So all we need to show is that $T'$ can prove every true $Σ_1$-sentence over $T'$, where truth is with respect to the standard model (i.e. the structure of finite strings from the alphabet $\{a,b\}$). Since such a sentence has a constant term witness, it clearly suffices to show that $T'$ can prove every true sentence over $T'$ with only bounded quantifiers. This can be done by converting it to prenex normal form $E$ (while keeping the bounded quantifiers) with matrix in disjunctive normal form, and then inducting on the number of quantifiers.

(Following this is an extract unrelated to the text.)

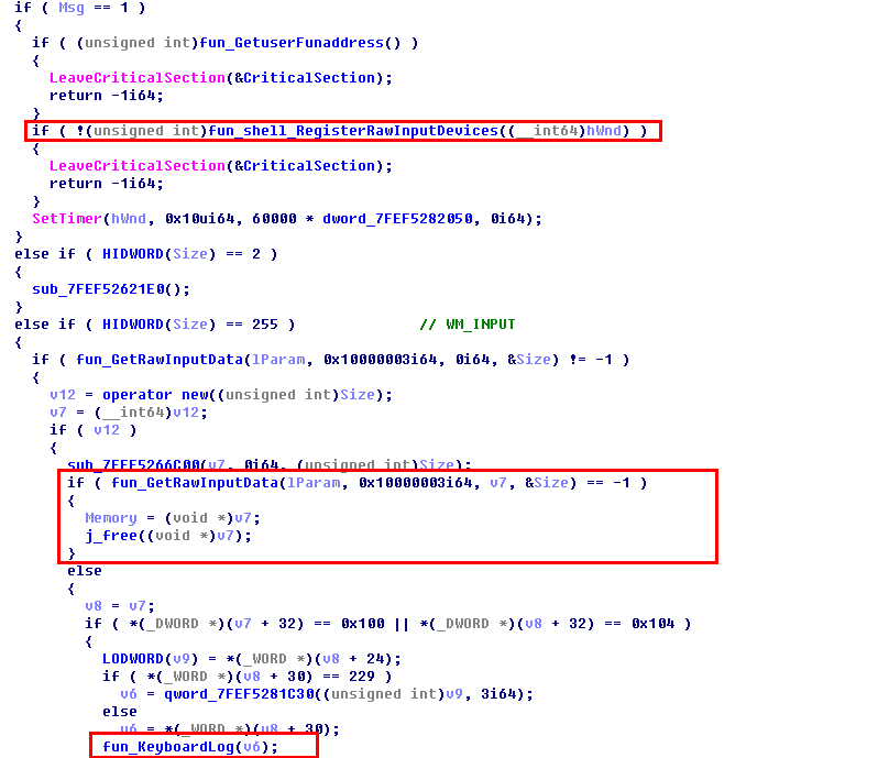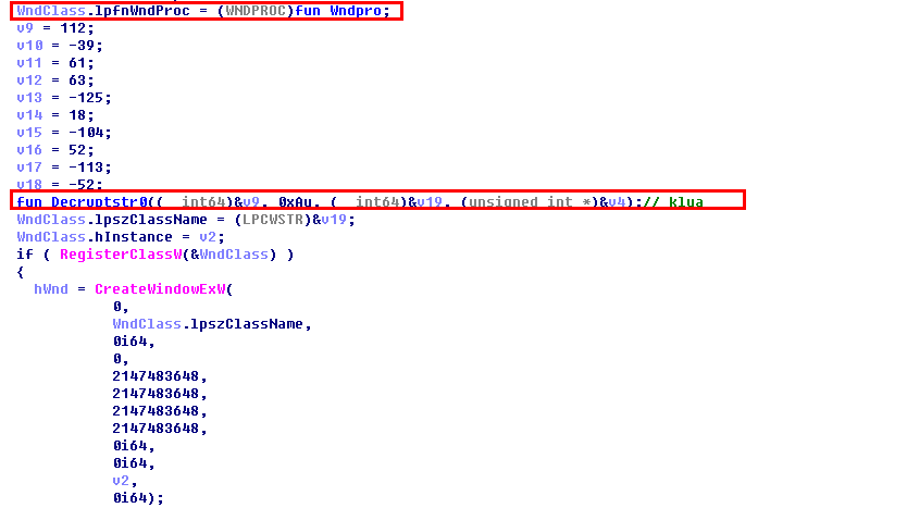 其中包含了对应的键盘记录存放目录(%ALLUSERSPROFILE%\\AU50FE1D),及记录的文件类型,其同样会创建一个名为klua的窗口,并设置对应的lpfunWndProc函数,该函数为键盘记录主体:

If $E$ has no quantifiers, all the terms are constants and it is easy to check that $T'$ proves $E$ using (1),(2),(3),(4),(6) for inequalities.
Note that if $E$ has quantifiers, the bound for the first quantifier must be a constant term.
If $E$ is $∃x{⊆}m\ ( \ P(x) \ )$ for some constant term $m$ and predicate $P$ over $T'$, then there is a term witness $k$, so $T'$ proves $k ⊆ m$ (as it is witnessed by just an equality) and also proves $P(k)$ (since it is true and has fewer quantifiers than $E$), and hence proves $E$.
If $E$ is $∀x{⊆}m\ ( \ P(x) \ )$ for some constant term $m$ and predicate $P$ over $T'$, then we need the key fact that $T'$ proves $∀x{⊆}m\ ( \ \bigvee_{k{⊆}ι(m)} x = τ(k) \ )$, where $ι(m)$ is the interpretation of $m$ and $τ(k)$ is the standard term representing string $k$ (i.e. built from $0,S_a,S_b$). Given that fact, $T'$ proves $E$ because $T'$ proves $P(τ(k))$ for every $k⊆ι(m)$ (since $P(τ(k))$ is true and has fewer quantifiers than $E$).
The key fact can be proven via induction over the length of $m$, and this is where we finally need (5'). Note that we can use (3),(4) to prove equality between $m$ and its standard form, so we can assume that $m$ is a standard term. Take any $x ⊆ m$. Let $t,u$ be such that $(t+x)+u = m$. If $m$ is $0$, then we are done since $(t+x)+u = 0$ implies $u = 0$ by (5'),(4),(2), which implies $t+x = 0$ by (3) and hence similarly $x = 0$. So we can assume $m$ is not $0$. Then $m$ must be $S_s(n)$ for some term $n$ and $s∈\{a,b\}$. If $u = 0$, then $t+x = n+s$ by (3), so $x = v+s$ for some $v$ by (5'),(4),(6), and hence $t+v = n$ by (4),(1), yielding $v ⊆ n$ by (3). If $u ≠ 0$, then $u = w+s$ for some $w$ by (5'),(4),(6), and hence $(t+x)+w = n$ by (4),(1), yielding $x ⊆ n$. In either case, we can invoke the induction since $n$ is shorter than $m$.